Wire braided hoses get their strength from having a braided piece of wire within the hose.  Usually they are made with a tube surrounded by a wire braid which is in turn surrounded by an outer tube.  

Higher strength hoses require a double wire braid

Some better quality hoses have an outside cover overall.  Outside covers can be provided for high wear, chemical resistance and non-marking. A car wash generally would want to have high wear because their hoses are being dragged around a lot.  Working with harsh chemicals needs to have a cover which resists the chemical being used.  When working in sensitive areas such as wood decks, tile and brick patios it is wise to use a non-marking hose.

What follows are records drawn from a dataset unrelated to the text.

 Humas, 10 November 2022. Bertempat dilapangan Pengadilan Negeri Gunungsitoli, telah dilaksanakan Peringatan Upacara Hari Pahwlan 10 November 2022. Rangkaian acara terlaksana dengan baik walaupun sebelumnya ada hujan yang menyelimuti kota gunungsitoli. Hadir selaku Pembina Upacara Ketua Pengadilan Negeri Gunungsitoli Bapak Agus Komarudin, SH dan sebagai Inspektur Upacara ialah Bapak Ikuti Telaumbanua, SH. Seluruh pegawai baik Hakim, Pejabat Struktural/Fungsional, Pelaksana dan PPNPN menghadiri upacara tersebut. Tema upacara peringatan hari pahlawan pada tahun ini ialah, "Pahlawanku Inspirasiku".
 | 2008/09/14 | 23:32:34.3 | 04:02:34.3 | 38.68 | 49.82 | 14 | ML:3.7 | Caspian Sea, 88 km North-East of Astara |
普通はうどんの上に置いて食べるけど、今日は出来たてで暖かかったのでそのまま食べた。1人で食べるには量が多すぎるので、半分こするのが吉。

If you don't need extra high pressure hose then a single braid works well for most situations.  It's lighter, more flexible and a lot easier to roll up than a double braid hose.  As well, single braid is less expensive.  Most off the shelf pressure washers up to 4000 PSI come with single braid hose.

For Hot Water, use a hot water specific hose.  Look for markings that indicate the temperature rating and make sure you don't exceed it.  Having a hose filled with 3000 PSI hot water can do serious damage to you if it bursts.

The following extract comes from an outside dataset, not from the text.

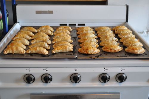5. Line a cookie sheet with parchment paper, and lay your empanadas out in rows. Refrigerate the trays for at least an hour, to help rest the dough and firm up the fat. Baste the empanadas with a beaten whole egg before baking, and bake at 400F for 25-30 minutes until golden. If baking multiple trays at once, rotate the pans in the oven at 20 minutes.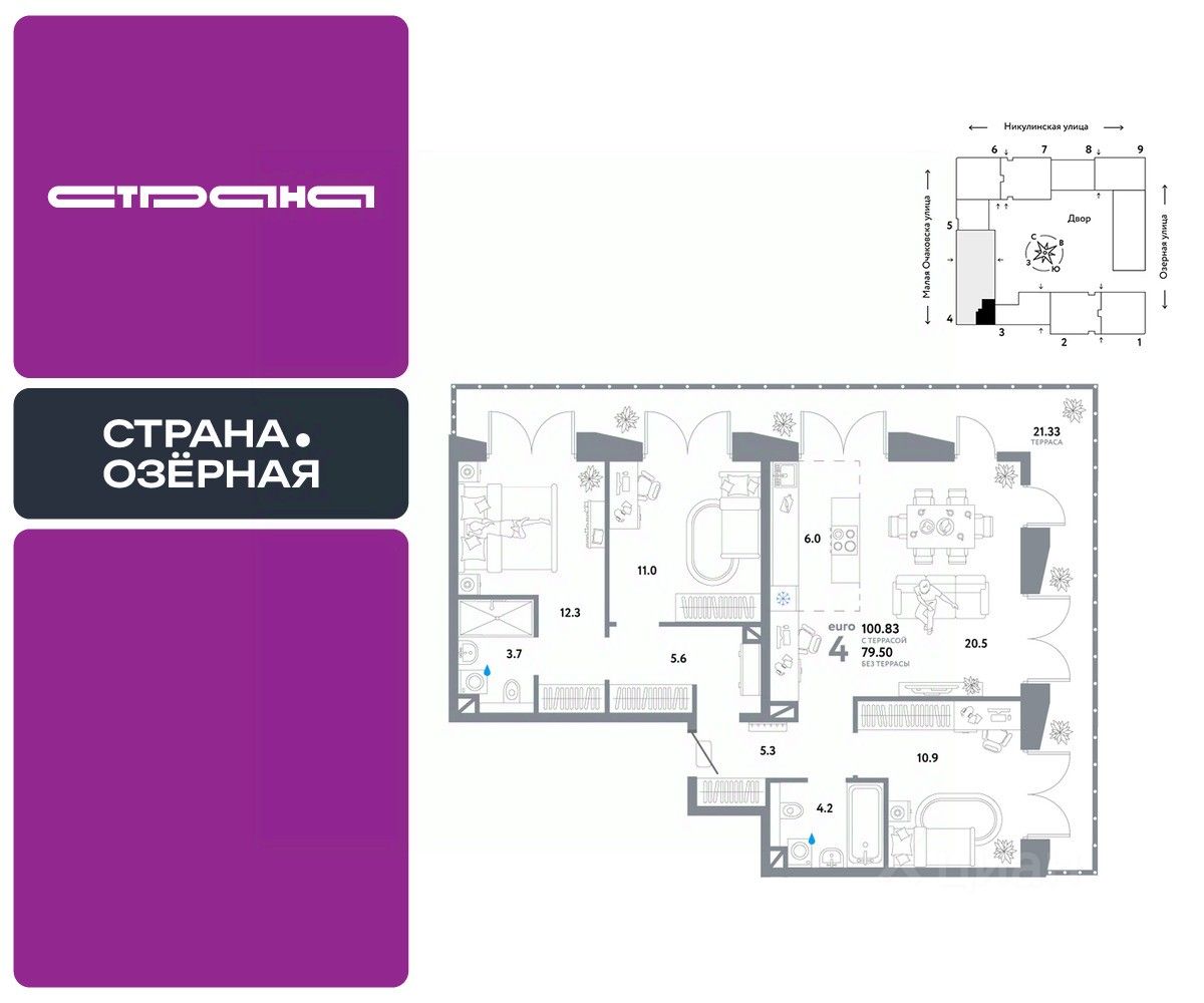 4комнатная квартира площадью 100,83кв. м. на 19этаже в доме "Байкал" жилого комплекса "Страна.Озёрная" . Срок сдачи дома - 2 квартал 2026 года.

Steam rated hoses are more expensive but well worth the extra money for safety sakes.  Never operate a machine in steam mode without making sure it is steam rated.

Most of the Big Box "hobby" washers use a thermoplastic hose.  These hoses usually have a fabric type braid, are cheap to make and usually not rated for more than 2000 PSI.  If you bend the hose too much it will kink and eventually fail at the kink . Trying to find someone to fix a kinked thermoplastic hose is difficult so be careful.

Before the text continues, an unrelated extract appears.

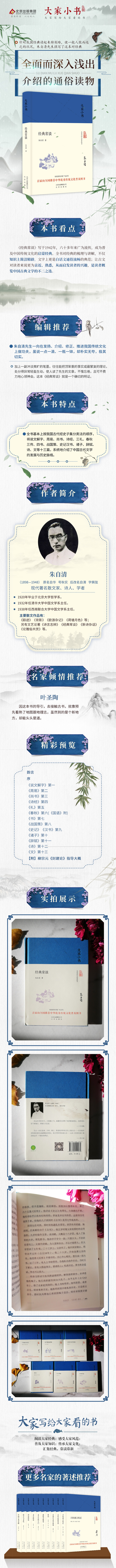 朱自清先生一向在发扬、介绍、修正、推进我国传统文化上做功夫,虽说一点一滴、一瓶一钵,却朴实无夸,极其切实。再加上一副冲淡夷旷的笔墨,往往能把顶笨重的事实或*繁复的理论,处分得异常轻盈生动,使人读了先生的文章,不惟忘倦,且可不费力地心领神会。这本《经典常谈》就是一个确切的明证。

Most hoses have what's called "bend restrictors" installed at each end.  These help prevent exposure of the braid at the fittings to the elements.  

Many ask what effect using a longer hose on pressure and flow has.  It is a complicated process that I have never been able to understand.  Here is a description of how to do it if you are so inclined

• Pressure drop and flow rate calculation can be used for pressure drop and flow rate calculation for all newtonian fluids with constant density. You can calculate pressure drop or flow rate through a pipe including friction coefficient and local resistance coefficient K for valves and fittings calculation. The most frequently used calculation in fluid dynamics probably is the calculation of pressure drop through a pipe or a channel. Also when the difference in pressure is known the same calculation is used to calculate flow rate through pipe. Pressure drop calculator for closed pipe is based on the Bernoulli equation for calculation of pressure difference between two points of pipe, including pressure losses due to friction and local pressure losses in valves and fittings. Pressure drop calculator can be used for both laminar and turbulent flow regime. It can calculate pressure drop or flow rate through a pipe including friction losses and local pressure losses calculation. Pressure drop calculation due to friction is using friction factor values and pressure drop due to local resistance is using resistance coefficient K for valves and fittings values. Flow mean velocity calculation for known flow rate and pipe diameter is also used in calculator. Values of Reynolds number and flow regime - laminar or turbulent are presented.  

Or, you can figure on losing 1 pound per foot under average conditions!